Pangaea - Tax Court of Canada finds that an agreement with another shareholder to enter into a share sale with a 3rd party was a restrictive covenant

A non-resident shareholder (“Pangaea”) of a Canadian corporation (“Public Mobile”) was required under the terms of the unanimous shareholder agreement to agree to any sale of the Public Mobile shares. A resident shareholder paid Pangaea a lump sum for its agreement to execute a share purchase agreement.

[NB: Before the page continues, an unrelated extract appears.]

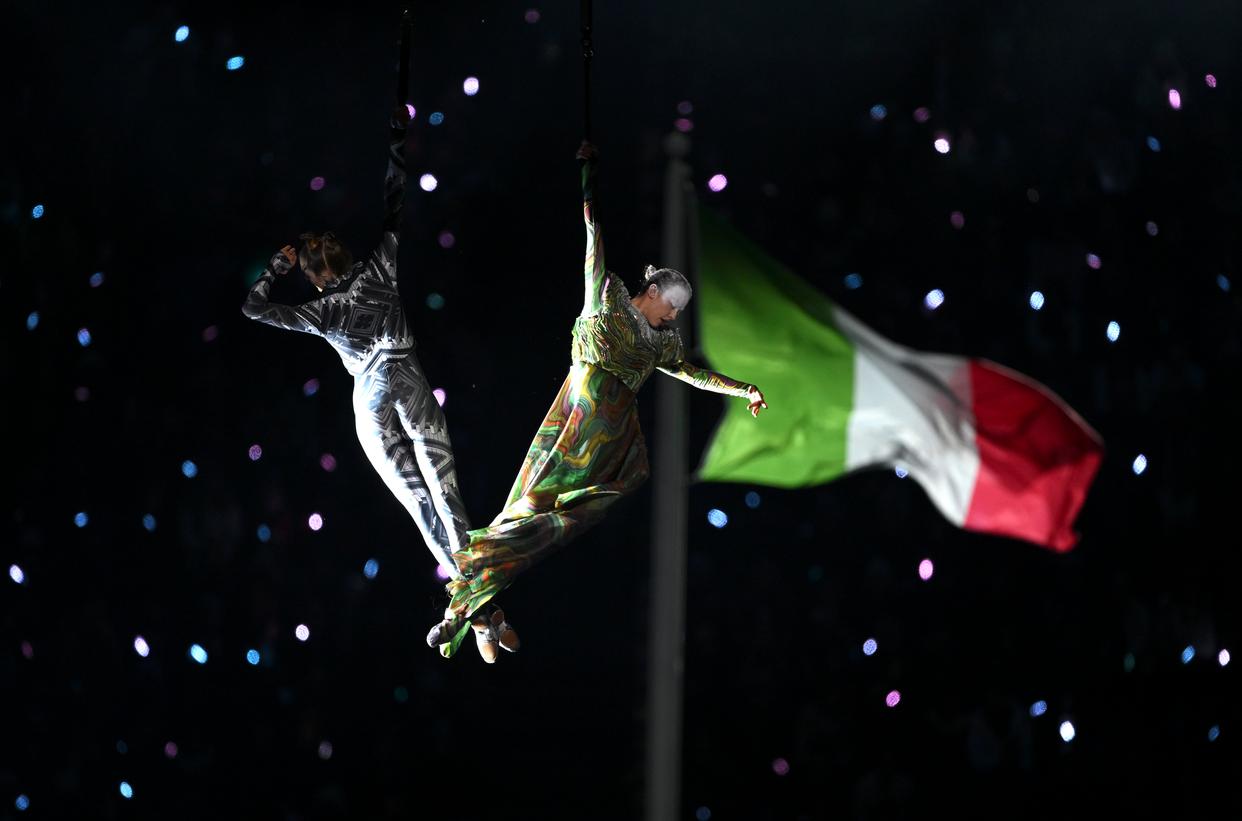 2月6日,演员在开幕式现场表演。 当地时间2月6日,2026年米兰-科尔蒂纳冬奥会开幕式在意大利米兰圣西罗体育场举行。 新华社记者 陈益宸 摄

In confirming CRA’s view that this was a restrictive covenant payment that was subject to Part XIII tax under s. 212(1)(i), Smith J found that the agreement of Pangaea to waive its veto right was an agreement that “affected” the disposition of property (the Public Mobile shares), as contemplated under the restrictive covenant definition. He further rejected Pangaea’s submission that, as it had disposed of its veto right, the exclusion from the definition for an agreement that disposes of the taxpayer’s property applied, stating:

I find that there is no evidence of a conveyance or disposition of the Appellant’s veto right — even if it can properly be characterized as “property”. … [T]here was no evidence of an assignment of the veto right to a third party.

Neal Armstrong. Summary of Pangaea One Acquisition Holdings XII S.À.R.L. v. The Queen, 2018 TCC 158 under s. 56.4(1) – restrictive covenant.